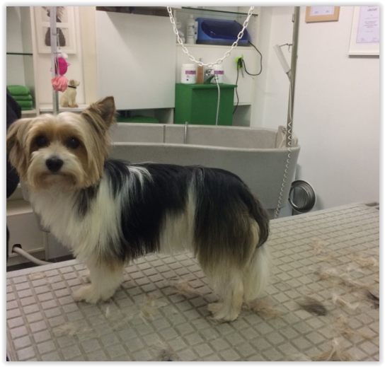 auch wenn ich mich nun seltener melde genießen wir das Leben mit unserer Prinzessin nach wie vor in vollen Zügen. Wir sind sooooooo froh, dass Fanny so ein ruhiges Wesen ist, sie bellt nach wie vor nur äußerst selten, und ist immer noch extrem lernwillig und wissbegierig. Hier die Bilder von ihrem ersten Friseurbesuch.
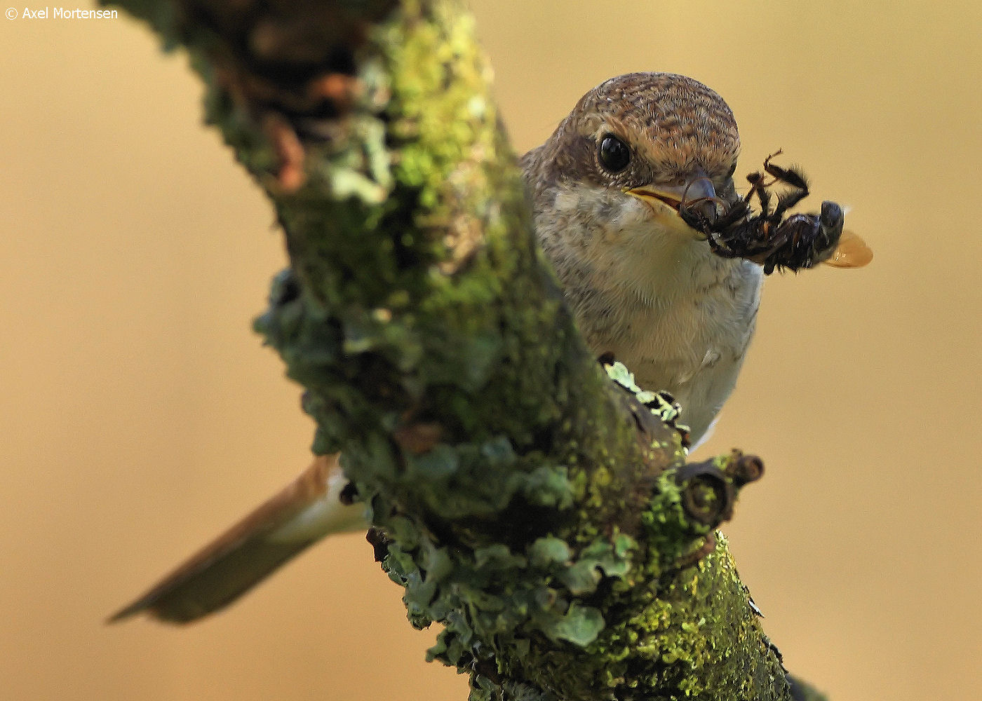 Beskrivelse: Et af de to par rødryggede tornskader i Hellebæk Kohave har fået 5 unger. Det andet par er ikke observeret med unger.
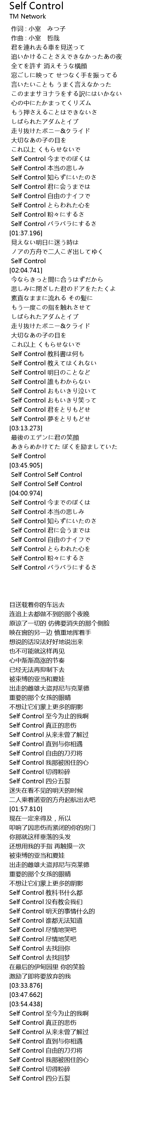 | [04:18.481] | Self Control とらわれた心を |
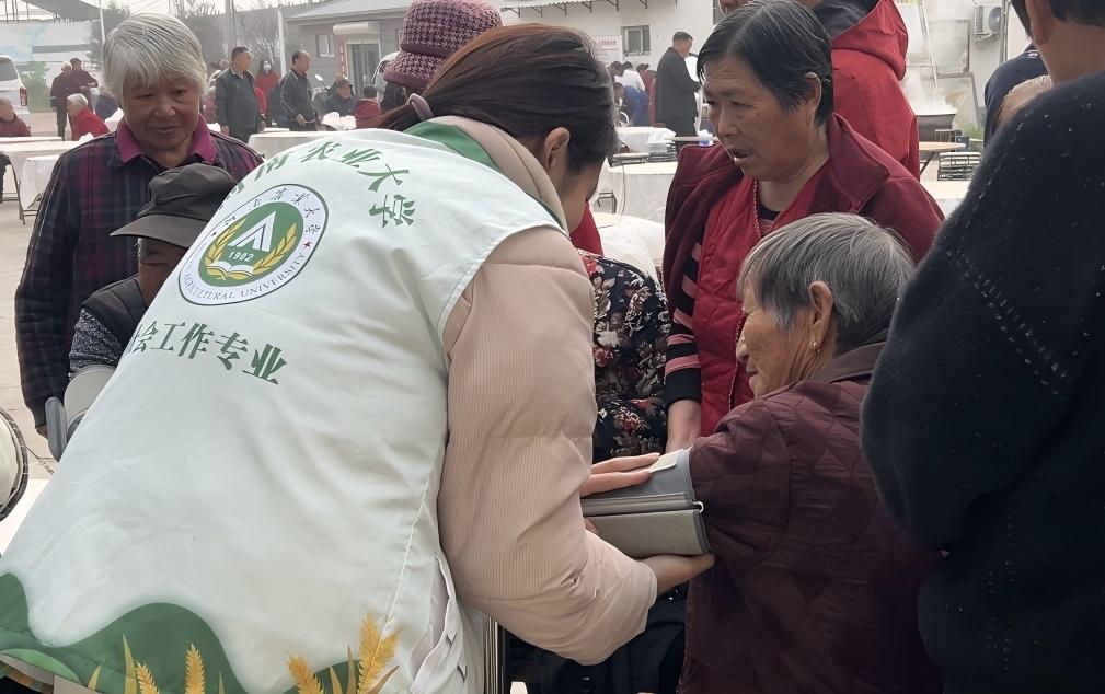活动当天,做爱自拍 研究生团队结合社会工作专业优势,提前协助村委进行活动策划与现场布置,确保活动流程有序进行。活动伊始,做爱自拍 两位研究生为到场的老年人测量血压、记录健康数据,并运用所学的健康社会工作知识向老人们讲解慢性病预防与日常健康管理要点,耐心解答老人们在生活中遇到的健康困惑。同时,研究生们还与村干部共同参与“好婆婆奖”“好媳妇奖”的颁发环节,用专业视角观察并总结社区长者间的家庭互助与情感支持,为后续社区和谐建设提供实践经验。

++++++++

● **Your goal**
Without changing a word, transcribe all of the data and omit its images.

● **Expected output**
 auch wenn ich mich nun seltener melde genießen wir das Leben mit unserer Prinzessin nach wie vor in vollen Zügen. Wir sind sooooooo froh, dass Fanny so ein ruhiges Wesen ist, sie bellt nach wie vor nur äußerst selten, und ist immer noch extrem lernwillig und wissbegierig. Hier die Bilder von ihrem ersten Friseurbesuch.
 Beskrivelse: Et af de to par rødryggede tornskader i Hellebæk Kohave har fået 5 unger. Det andet par er ikke observeret med unger.
 | [04:18.481] | Self Control とらわれた心を |
活动当天,做爱自拍 研究生团队结合社会工作专业优势,提前协助村委进行活动策划与现场布置,确保活动流程有序进行。活动伊始,做爱自拍 两位研究生为到场的老年人测量血压、记录健康数据,并运用所学的健康社会工作知识向老人们讲解慢性病预防与日常健康管理要点,耐心解答老人们在生活中遇到的健康困惑。同时,研究生们还与村干部共同参与“好婆婆奖”“好媳妇奖”的颁发环节,用专业视角观察并总结社区长者间的家庭互助与情感支持,为后续社区和谐建设提供实践经验。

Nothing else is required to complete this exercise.